На маленькой, исчерканной еле заметными штрихами ладони Далета лежал золотой лотос. Драгоценный венчик с обрывком мясистого стебля.
– Чего тебе зря потеть? А так: куда хочешь, туда и пойдешь. Или давай вместе: скажем, на орхоменскую полянку. Мясцо жареное, дриадочки... Ты бери, бери! пожуй маленечко!..
– Давай вместе, – мрачно сказал рыжий. – Только без мясца. И без дриадочек. Я слушаю.
– Ну, слушай, родной, слушай. Чего тайночки-то городить?.. на пустом-то месте?!
И Одиссей заметил: Старик разглядывает цветок со стыдливой завистью. Будто мальчишка подсматривает за купающейся сестрой.
Ага, отвернулся.
Память ты, моя память!
Объятый ночью, я вспоминаю беседу с расслабленным, тихим Далетом. Пою самого себя жертвенной кровью. Держу на ладони вожделенный лотос. Да, лотофаг говорил откровенно. Правду. Чистую, будто детская слеза. Отвечал на любой вопрос, убивая его легко и бесстрастно. Оказалось: я действительно вполне мог спасти Аякса Оилида, погибающего в пучине. Вмешаться. Погасить лже-маяки. Напав сзади, задушить коварного Навплия. Сразиться в небе с синеглазой совой; сразиться в море с пеннобровым бородачом. Почему бы и нет? Вкусивший лотоса свободен в медовой реальности грез. Любое место доступно, и позволительно вторгаться в ход событий. Сладкая приманка: действовать в гуще происходящего, одновременно находясь как бы сверху. Видя невидимое. Зная непознанное. Имея возможность переиграть неудавшуюся попытку.
За час сна прожить целую жизнь.
И очнуться в безопасности.
– Я хочу домой, – сказал я, когда лотофаг замолчал. – Вернее, я хотел домой. Почему у меня не получалось?
Шафрановые веки слегка дрогнули:
– Домой? А у кого, милый мой, еще не получалось попасть к тебе домой?
И еще, хрипловатым папиным голосом:
– Я! Далет, я ведь...
– Брось кричать, Одиссеюшка. Ты ведь теперь тоже чуточку боженька. С лотосом, без лотоса: куда уж тебе – домой... Забудь.

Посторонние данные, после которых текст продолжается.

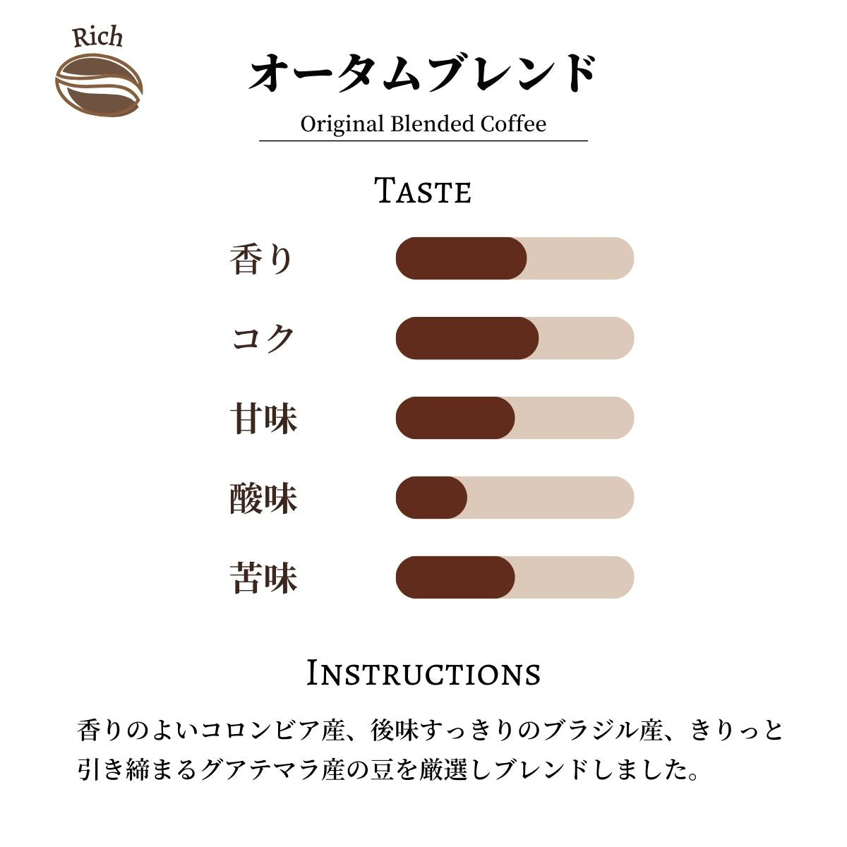 香りのよいコロンビア産、後味すっきりのブラジル産、きりっと引き締まるグアテマラ産の豆を厳選しブレンドしました。コクの中にあるクリーンな味わいをお楽しみください。

У корабля разорялся контуженный эфиоп. Качало его, будто до сих пор в море. Рожа черная, под глазами мешки фиолетовые. Набрякли, отекли. Губы в мелких трещинках. Судовая охрана зевала, косилась на Ворона без интереса. Один Протесилай слушал внимательно. Да еще жена филакийца. Кому рассказать – засмеют. Мышка она. Незаметная. В пути, в бою, на корабле: так привыкли, что мимо пройдешь, увидишь- забудешь. Будто новую себе тень Протесилай завел, а без тени – ну куда ж хорошему человеку без тени?!

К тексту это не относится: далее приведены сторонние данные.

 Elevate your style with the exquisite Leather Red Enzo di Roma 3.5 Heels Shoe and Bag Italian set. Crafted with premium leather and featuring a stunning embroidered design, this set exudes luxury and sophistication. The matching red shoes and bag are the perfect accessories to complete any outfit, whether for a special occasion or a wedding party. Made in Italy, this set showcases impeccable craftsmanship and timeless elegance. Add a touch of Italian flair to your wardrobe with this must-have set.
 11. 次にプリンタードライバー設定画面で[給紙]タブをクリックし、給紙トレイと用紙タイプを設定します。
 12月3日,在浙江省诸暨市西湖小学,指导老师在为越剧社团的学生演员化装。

Одиссей раньше думал: ссадить бы ее надо. Где-нибудь. Раз думал, два думал, потом забыл. Отшибло.
А сейчас: поздно.
Где ее, бедолагу, ссаживать? не здесь же!
– Большой хозяин! – это Ворон рыжего издалека приметил. – Большой хозяин, да! Дядя Одиссей!
Да иду я, иду, молчит рыжий.
Подошел.
– Дураки они! дураки, да! Я к тебе, большой хозяин, только ноги не держат... смеются они, да!..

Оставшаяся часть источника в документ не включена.